If you’ve ever thought about investing but haven’t taken the leap just yet, this may be your sign to do so.
Aussie companies will be paying out more than $36 billion in dividends in the coming weeks after a positive reporting season.
Since late January, listed companies have been paying out dividends to shareholders. In fact, around $4.3 billion has been paid out so far, according to CommSec.
But the distributions are going to ramp up in the coming weeks, reaching a peak in the week beginning 28 March.
CommSec said while the $36 billion number was massive, it was actually lower than the previous reporting season in August 2021, where Aussie investors took home $41 billion.
What is reporting season?
Reporting season is a period of time when the majority of publicly listed companies release their quarterly earnings reports – updating the public on their performance.
It is during this time that companies will also decide how much money they will pay their shareholders per share – this is known as a dividend.
For example, Commonwealth Bank of Australia’s (CBA) most recent dividend was $0.94 per share.
So, if you owned 100 CBA shares you would receive a dividend of $94.
Reporting season is generally one of the most anticipated times for investors and analysts alike with a slew of expectations, forecasts and results that beat or miss those expert analyses.
How did ASX companies perform this reporting season?
CommSec chief economist Craig James said Australian companies performed pretty well considering the circumstances.
“Overall, we concluded that the reporting season was encouraging. While expenses or costs were up as expected, so were revenues,” he said.
“As a result, aggregate profits and cash levels continued to rise.”
Around 88 per cent of the 138 ASX companies that reported their half-year results posted a profit – which was the most in two years.

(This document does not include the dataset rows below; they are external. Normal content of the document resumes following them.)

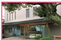
金沢ふるさと偉人館
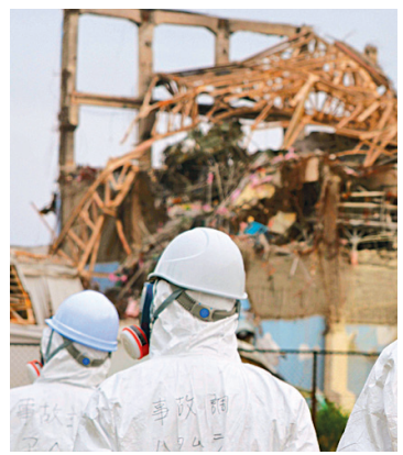
Des membres du gouvernement japonais mènent l'enquête devant les débris de la centrale nucléaire Fukushima-Daiichi.
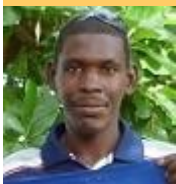
Por: Luis E. Monterrey Morejón

Existen muchas formas de maltrato a la población, desde la violación de sus derechos como seres humanos, hasta la calidad e higiene con que se presta un servicio. El caso que expondré a continuación es un ejemplo más entre los tantos que se dan a diario de maltrato al pueblo.
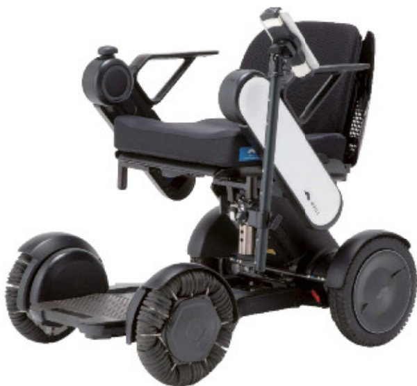
近距離モビリティ WHILL Model C

体験① 次世代モビリティを活用した自由散策、 観光・ルート案内アプリ体験【事前予約】
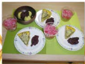
蒸しケーキ&茶巾団子
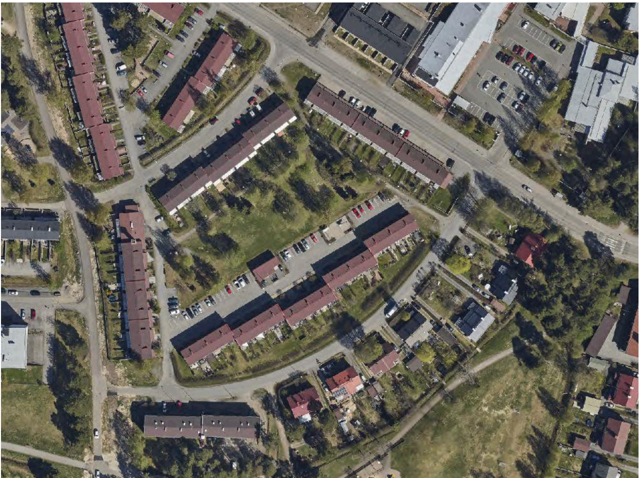
Kuva: Ilmakuva vuodelta 2022. (Ei mittakaavassa.)

Kaava-aluetta reunustavat Hanhitie, Kaakkuritie, Kuikkatie ja Nokelantien pyörätie. Kortteleiden keskellä on Kaakkuripuisto.
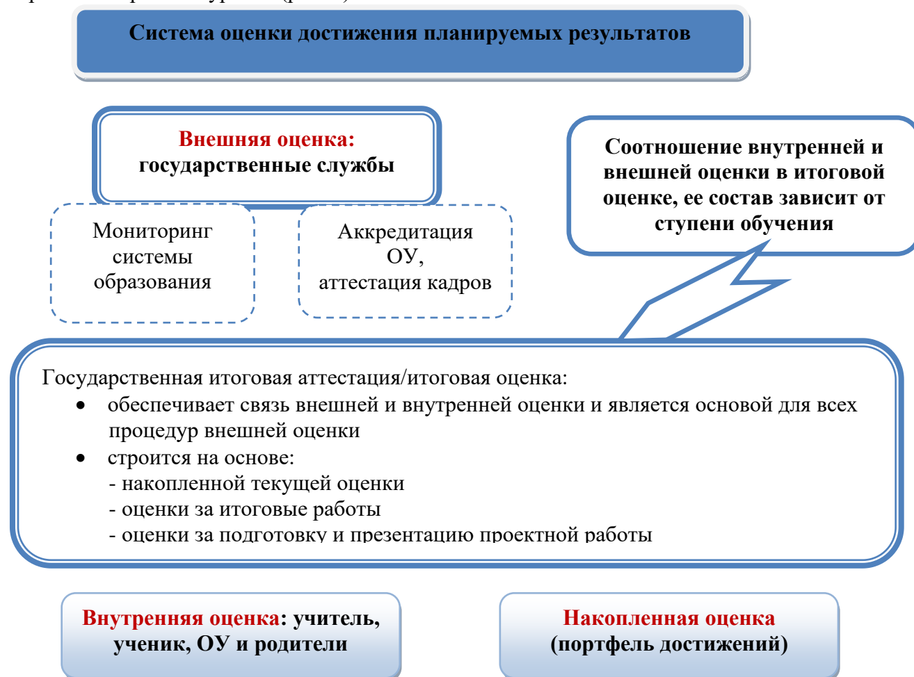
Рис. 2. Система оценки достижения планируемых результатов

Полученные данные используются для оценки состояния и тенденций развития системы образования разного уровня (рис. 2).
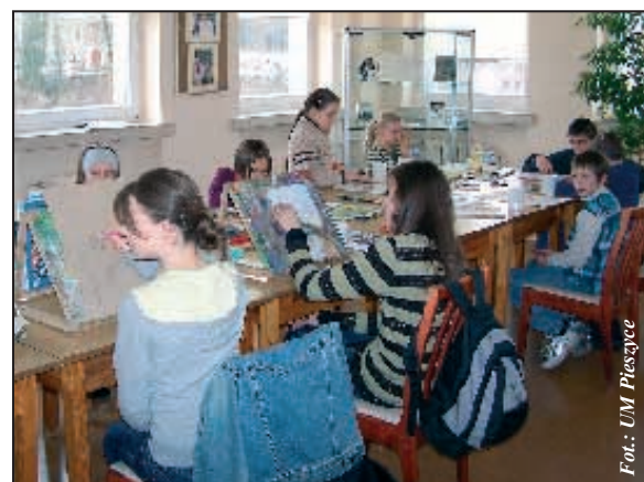
Na kolejną długą przerwę od lekcji pozostaje czekać uczniom do czerwca

Biblioteka, tak jak i Filia, oferowała udział w różnych grach i zabawach, zajęciach plastycznych czy w pływaniu oraz korzystaniu z internetu. W siedzibie MBP można skorzystać nieodpłatnie z 4 komputerów, a w Filii z jednego.
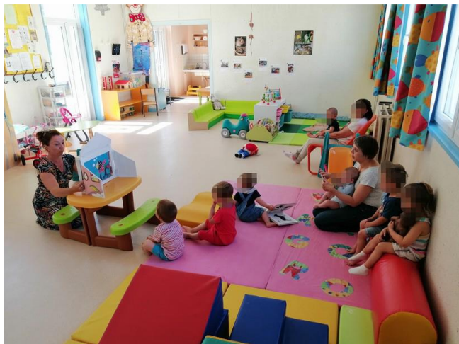
Nouveauté 2022 : le Kamishibai

C'est un lieu original de jeux, de rencontres, d'échanges et de convivialité. Il permet une socialisation en douceur aux enfants de 0 à 3 ans, avant l'entrée à l'école sous le regard bienveillant du parent, grand-parent ou assistante maternelle qui l'accompagne. Une accueillante, bénévole de l'association, est présente à chaque permanence.
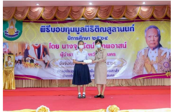
มอบทุนมูลนิธิดิถนสุลนันท
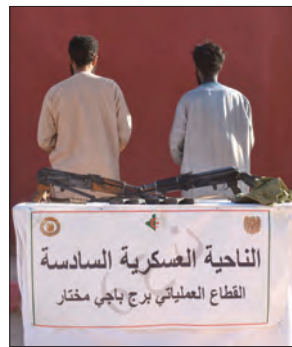
أخرى، في حين أوقفت مفارز للجيش الوطني الشعبي 15 عنصر دعم للجماعات الإرهابية خلال عمليات متفرقة عبر التراب الوطني. "محاكمة الجريمة المنظمة ومواصل للجهود الحثيئة الهادفة إلى التصدي لآفة الاتجار بالمخدرات
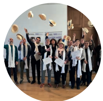
Remise de diplômes
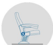
NUMÉROTATION DE RANGÉES
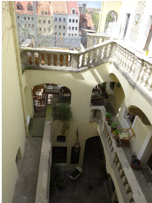
Terrasse mit Innenhof
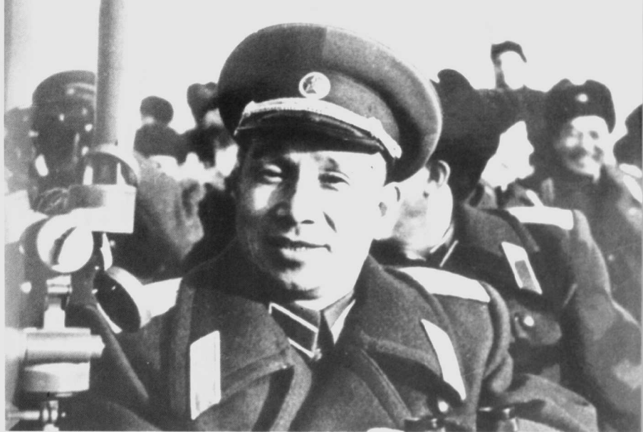
1955年冬，粟裕总参谋长参加指挥辽东半岛抗登陆军事演习。
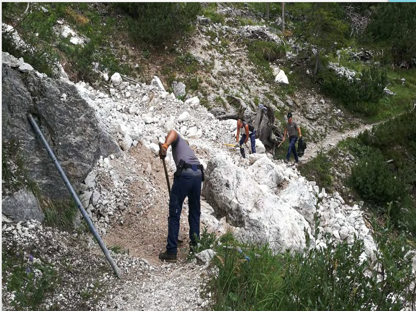
Manutenzione sentieri alpini
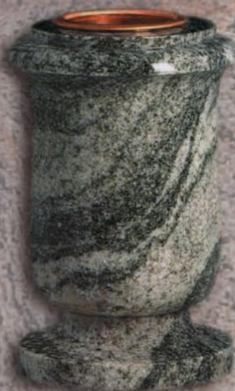
vaso a terreno Vinca
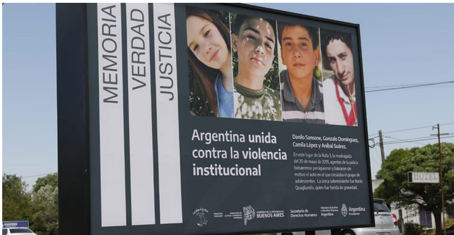
Cartel de señalización contra la violencia institucional.
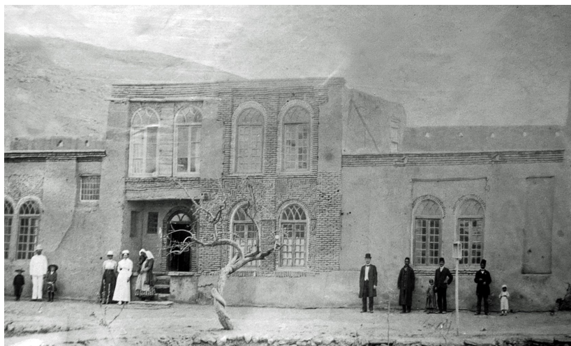
Fot. 4. Budynek misji oraz personel misyjny, 1912 rok ( The Kurdistan Missionary )
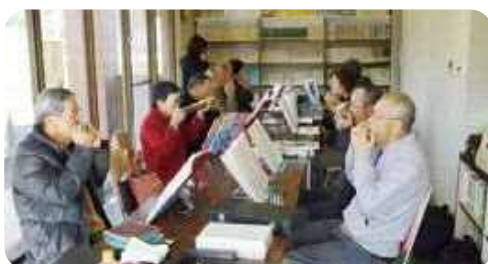
内山田ハーモニカ同好会

「上之口老人クラブ」は、地域住民の一員として、生涯にわたる自己管理能力と相互連帯意識を高め、心身ともに健康で明るく生きがいのある生活を送ることを目的に、定期的に学習活動や社会奉仕活動を行っています。
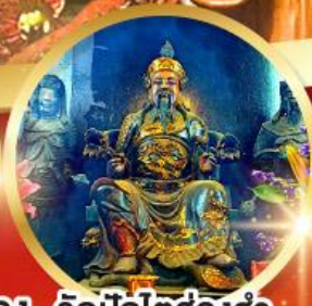
วัดปักโต้อ่องอำ
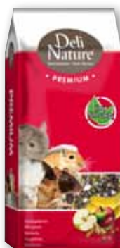
PREMIUM Kleinnager - 15 kg Chinchilla - 15 kg
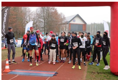
Bieg Niepodległości 2024 Olsztyn
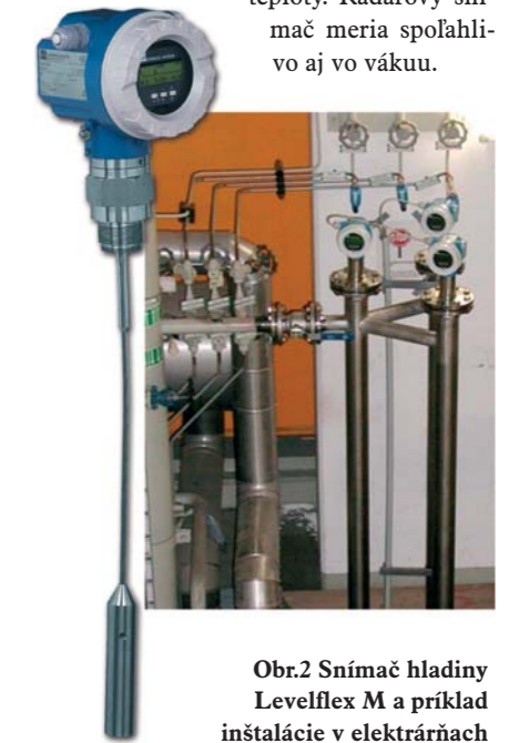
Obr.2 Snímač hladiny Levelflex M a príklad inštalácie v elektrárňach

nie hladiny kotlovej vody sa používa jeden snímač umiestnený v bajpase. Meranie pomocou vysokoteplotného radarového snímača Levelflex M pre teploty až do 400 °C a tlaky do 400 bar je náhradou konvenčného merania pomocou snímača tlakovej diferenciencie, pretože radarové meranie nezávisí od zmeny hustoty, tlaku a ani od zmeny teploty. Radarový snímač meria spoľahlivo aj vo vákuu.
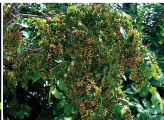
Galles du Puceron des feuilles de l'orme.

se développer sur l'épicéa. Leurs filles hivernent sur les rameaux et reprennent leur développement au printemps. En cas de pullulation, l'arbre peut souffrir. Sur épicéa, les
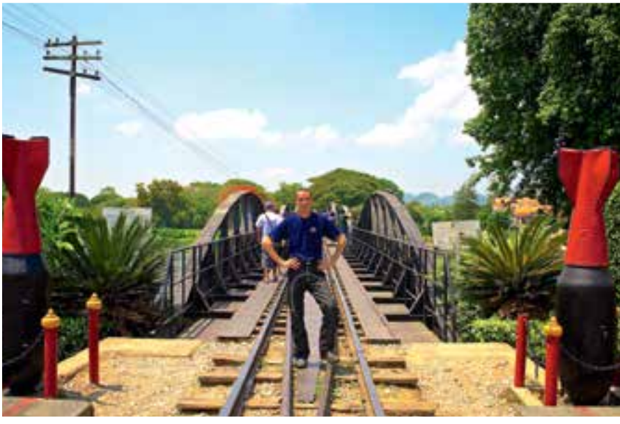
«SELFIE»: Skrytebilde av artikkelforfatteren på den berømte broen over elva Kwai. Broen hadde «hovedrollen» i David Leans berømte film fra 1957.

P å diplommet vi ble overrakt utenfor turistkontoret i Mae Hong Son står det høytidelig: «This certificate certifies that Diseth Claus has successfully completed the journey to Mae Hong Son, crossed 1,864 curves».
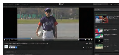
グランドソフトボール競技を実況・解説付きで生中継

1月29日(日)には、武蔵野総合体育館メインアリーナで開催する「第17回東京都障害者スポーツ大会 車椅子バスケットボール競技」を生中継します。是非、TOKYOパラスポーツチャンネルをご覧ください!
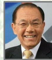
격려사 황우여 장로 전, 교육부장관 겸 사회부총리
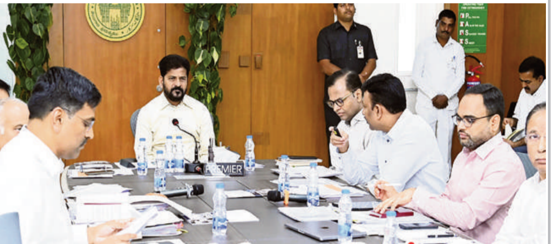
నగరానికి మూడు వైపులా ఇసుక స్టాక్ పాయింట్లు

ఇసుకతో పాటు ఇతర ఖనిజాల అక్రమ తవ్వకాలు, అక్రమ సరఫరాపై ఉక్కుపాదం మోపాలని ముఖ్యమంత్రి రేవంత్ రెడ్డి ఆధికారులను ఆదేశించారు. కఠిన చర్యలతోనే అక్రమాలను అడ్డుకోవాలని, ప్రభుత్వ ఆదాయాన్ని పెంచాలని సీఎం సూచించారు. గనుల శాఖపై ముఖ్యమంత్రి రేవంత్ రెడ్డి శనివారం సమీక్ష నిర్వహించారు. నెల రోజులు గా తీసుకున్న చర్యలతో ఇసుక అక్రమ రవాణా కు అడ్డుకట్ట వడిన విధానాన్ని, పెరిగిన ఆదాయాన్ని ఆధికారులు సీఎం కు వివరించారు. ఈ సందర్భంగా ఇసుక రీవల్ తవ్వకాలు, రవాణా, వినియోగదారులకు తక్కువ ధరకు ఇసుక సరఫరాపై ఆధికారులకు ముఖ్యమంత్రి పలు సూచనలు చేశారు. ప్రభుత్వంలోని నీటి పారుదల, ఆర్ అండ్ టి, పంచాయతీ రాజ్ తో పాటు వివిధ శాఖల అధ్యక్షులతో చేపట్టే పనులకు టీజీఎండిసీ నుంచే ఇసుక సరఫరా చేసేలా చూడాలని సీఎం రేవంత్ రెడ్డి సూచించారు. పెద్ద మొత్తంలో నిర్మాణాలు చేపట్టే నిర్మాణ రంగ సంస్థలకు అవసరమైన ఇసుకను టీజీఎండిసీ ద్వారానే సరఫరా చేయాలని సీఎం ఆదేశించారు.
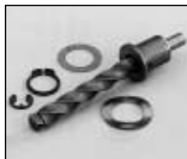
L4.79370.E Focus spindle Fokusspindel
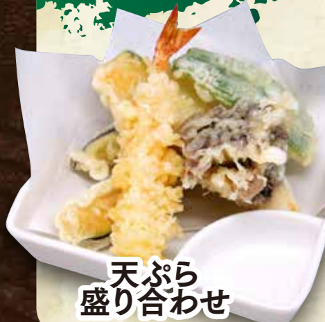
天ぷら 盛り合わせ
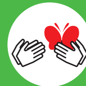
所持・譲渡等の禁止
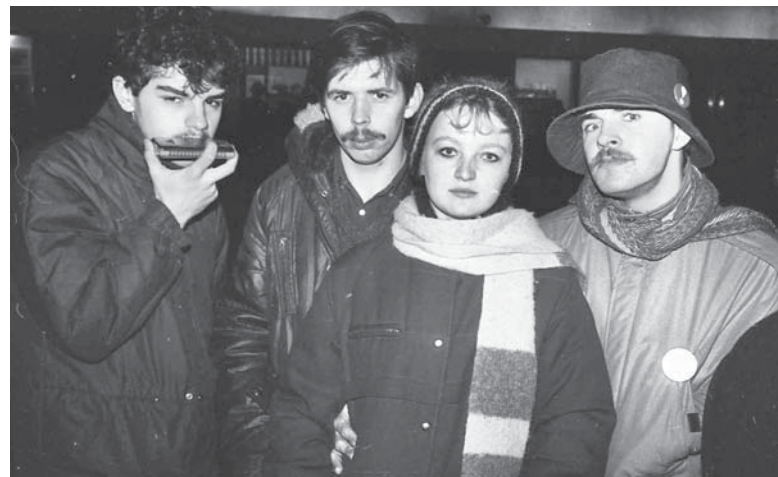
Архивные фото агитбригады факультета электроники и системотехники (ФЭСТ) МГУЛ

Все бывшие участники агитбригады «ФЭСТа» по-своему благодарны за то, как сложилась их судьба. Кто-то обрел в студенческие годы свою семью,
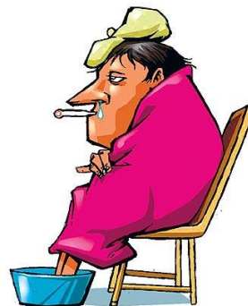
C – GRIPE

Around 67 per cent of companies saw profits increase and cash levels lifted to record highs.
“The profit results have been recorded at a time of mixed operating conditions,” James said.
“Interest rates were at record lows and stimulus from federal, state and territory governments continued to work their way through the economy.
“But there were more lockdowns and COVID restrictions, especially in the south-east of the country.
“Supply chain issues caused production delays and higher costs and prices.”
However, James said the reopening of business and easing of restrictions gave companies the boost they needed.
“It is clear that corporate Australia faced decidedly mixed conditions in 2021, especially over the final six months of the year,” he said.
“But while companies were well placed to issue dividends, companies have displayed caution.”